Top Networking Researcher Looks to a Programmable Future
Jennifer Rexford of Princeton talks about how making the network programmable can improve security and performance.
August 23, 2017
As a leading researcher who pioneered software-defined networking, Princeton University's Jennifer Rexford has played a key role in advancing the state of data networking. Her revolutionary work, including setting the stage for SDN and improving the efficiency of the BGP routing protocol, was recognized by the Association for Computing Machinery's Council on Women in Computing, which named her its 2016-17 Athena Lecturer.
Rexford, professor of engineering and chair of computer science at Princeton, continues to work on improving networks with an unrelenting focus on making them programmable. As she sees it, network programmability can remedy a lot of the security and performance problems that plague networks today. She presented a keynote at this week's ACM SIGCOMM 2017 that covered her research into network programmability, new network protocols, and how modern networks can benefit when researchers work across disciplines.

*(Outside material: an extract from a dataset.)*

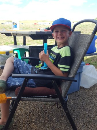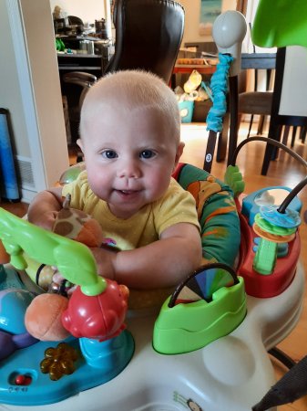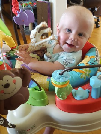 He is so happy with his bison. Look at the green dog tag around his neck.
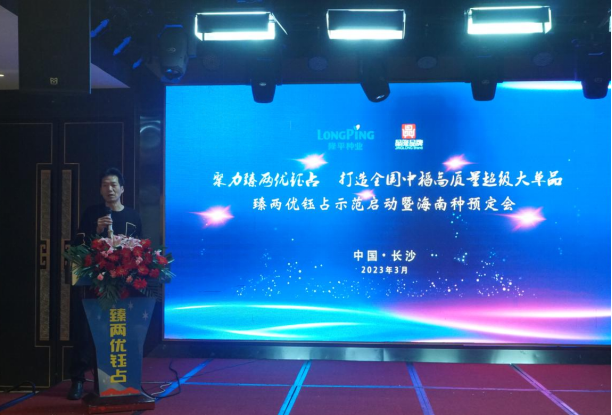 2023年3月5日,來自湖南、湖北、江西三省的優(yōu)秀客戶代表及渠道商、糧貿企業(yè)共150多人齊聚星城長沙,參加了湖南隆平種業(yè)晶隆品牌召開的臻兩優(yōu)鈺占示范啟動暨海南種預定會議。

Network Computing caught up with Rexford before her keynote to talk about the challenges with today's networks, how far the industry has come with network programmability, and how networking pros can bolster their careers.
Network Computing: What are the big challenges in networking today?
Rexford: Take security as one example. The bad guys have a huge, programmable infrastructure at their disposal, all these machines they've compromised, and the good guys running the networks have a brittle, hard-to-change network that has to defend itself against those kinds of attacks. There's an example of where greater programmability inside the network can allow people running networks to have their networks detects attacks more effectively and shut them down more quickly.
A cloud network has to run at high levels of load -- lots of tenants running applications that need quick responses from the network. Again, if the network is programmable, it can detect congestion when it happens and react quickly to make sure the tenants and the data center get really good performance. So whether it's performance, reliability, security, or whatever the property we want these networks to have, having the inside of the network be more programmable so it can detect conditions and react in service of the network operator's goals is a critical component to solving a lot of the problems modern networks have.
NWC: How far do you think we are from programmable networks?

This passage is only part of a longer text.